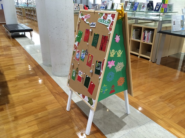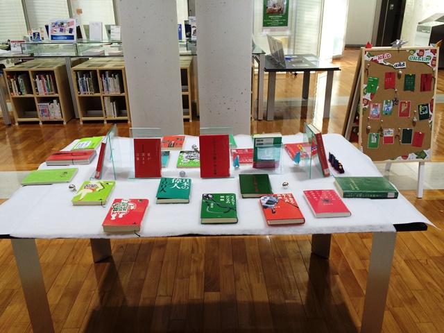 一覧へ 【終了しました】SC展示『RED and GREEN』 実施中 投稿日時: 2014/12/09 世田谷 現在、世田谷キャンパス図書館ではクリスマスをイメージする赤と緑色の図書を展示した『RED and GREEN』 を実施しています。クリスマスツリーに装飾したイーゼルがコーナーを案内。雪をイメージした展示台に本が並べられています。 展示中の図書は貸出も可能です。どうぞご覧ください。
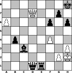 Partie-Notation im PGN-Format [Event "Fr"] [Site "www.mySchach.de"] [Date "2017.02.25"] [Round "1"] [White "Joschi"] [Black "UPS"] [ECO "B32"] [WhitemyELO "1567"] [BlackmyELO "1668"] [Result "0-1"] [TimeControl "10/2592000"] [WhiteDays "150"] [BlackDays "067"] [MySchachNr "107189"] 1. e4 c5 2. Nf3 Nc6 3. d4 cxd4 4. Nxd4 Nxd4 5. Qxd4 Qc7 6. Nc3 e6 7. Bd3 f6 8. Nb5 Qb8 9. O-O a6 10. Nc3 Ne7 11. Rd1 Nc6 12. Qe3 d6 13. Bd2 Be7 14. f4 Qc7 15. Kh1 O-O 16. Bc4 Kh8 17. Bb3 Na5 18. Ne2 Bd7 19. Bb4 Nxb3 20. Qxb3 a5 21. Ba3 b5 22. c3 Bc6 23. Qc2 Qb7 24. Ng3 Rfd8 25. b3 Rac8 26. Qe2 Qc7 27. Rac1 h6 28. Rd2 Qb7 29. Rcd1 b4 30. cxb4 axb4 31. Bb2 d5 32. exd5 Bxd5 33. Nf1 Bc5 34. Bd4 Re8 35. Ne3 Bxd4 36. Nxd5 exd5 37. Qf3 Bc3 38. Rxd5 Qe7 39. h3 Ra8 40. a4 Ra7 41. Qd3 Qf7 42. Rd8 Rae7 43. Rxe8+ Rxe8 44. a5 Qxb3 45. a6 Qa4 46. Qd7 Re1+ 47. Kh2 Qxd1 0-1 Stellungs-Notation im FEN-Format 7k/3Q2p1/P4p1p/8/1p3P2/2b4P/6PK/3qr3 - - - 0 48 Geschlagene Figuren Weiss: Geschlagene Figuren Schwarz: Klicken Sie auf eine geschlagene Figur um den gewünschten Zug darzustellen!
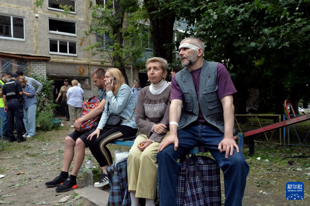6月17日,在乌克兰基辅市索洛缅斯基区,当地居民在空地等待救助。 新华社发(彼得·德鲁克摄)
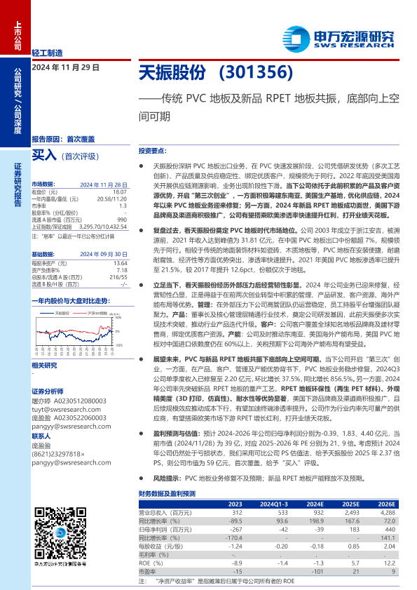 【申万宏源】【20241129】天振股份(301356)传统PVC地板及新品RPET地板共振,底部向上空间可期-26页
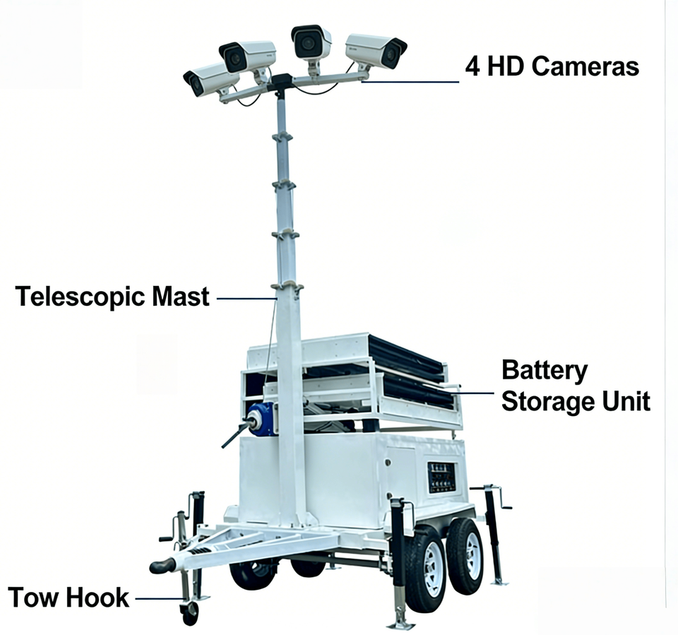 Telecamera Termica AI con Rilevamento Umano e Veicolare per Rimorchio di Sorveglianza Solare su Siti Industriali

Work instructions -
What you produce should repeat the data word for word while omitting all images.

Output of the exercise -
 一覧へ 【終了しました】SC展示『RED and GREEN』 実施中 投稿日時: 2014/12/09 世田谷 現在、世田谷キャンパス図書館ではクリスマスをイメージする赤と緑色の図書を展示した『RED and GREEN』 を実施しています。クリスマスツリーに装飾したイーゼルがコーナーを案内。雪をイメージした展示台に本が並べられています。 展示中の図書は貸出も可能です。どうぞご覧ください。
 Partie-Notation im PGN-Format [Event "Fr"] [Site "www.mySchach.de"] [Date "2017.02.25"] [Round "1"] [White "Joschi"] [Black "UPS"] [ECO "B32"] [WhitemyELO "1567"] [BlackmyELO "1668"] [Result "0-1"] [TimeControl "10/2592000"] [WhiteDays "150"] [BlackDays "067"] [MySchachNr "107189"] 1. e4 c5 2. Nf3 Nc6 3. d4 cxd4 4. Nxd4 Nxd4 5. Qxd4 Qc7 6. Nc3 e6 7. Bd3 f6 8. Nb5 Qb8 9. O-O a6 10. Nc3 Ne7 11. Rd1 Nc6 12. Qe3 d6 13. Bd2 Be7 14. f4 Qc7 15. Kh1 O-O 16. Bc4 Kh8 17. Bb3 Na5 18. Ne2 Bd7 19. Bb4 Nxb3 20. Qxb3 a5 21. Ba3 b5 22. c3 Bc6 23. Qc2 Qb7 24. Ng3 Rfd8 25. b3 Rac8 26. Qe2 Qc7 27. Rac1 h6 28. Rd2 Qb7 29. Rcd1 b4 30. cxb4 axb4 31. Bb2 d5 32. exd5 Bxd5 33. Nf1 Bc5 34. Bd4 Re8 35. Ne3 Bxd4 36. Nxd5 exd5 37. Qf3 Bc3 38. Rxd5 Qe7 39. h3 Ra8 40. a4 Ra7 41. Qd3 Qf7 42. Rd8 Rae7 43. Rxe8+ Rxe8 44. a5 Qxb3 45. a6 Qa4 46. Qd7 Re1+ 47. Kh2 Qxd1 0-1 Stellungs-Notation im FEN-Format 7k/3Q2p1/P4p1p/8/1p3P2/2b4P/6PK/3qr3 - - - 0 48 Geschlagene Figuren Weiss: Geschlagene Figuren Schwarz: Klicken Sie auf eine geschlagene Figur um den gewünschten Zug darzustellen!
6月17日,在乌克兰基辅市索洛缅斯基区,当地居民在空地等待救助。 新华社发(彼得·德鲁克摄)
 【申万宏源】【20241129】天振股份(301356)传统PVC地板及新品RPET地板共振,底部向上空间可期-26页
 Telecamera Termica AI con Rilevamento Umano e Veicolare per Rimorchio di Sorveglianza Solare su Siti Industriali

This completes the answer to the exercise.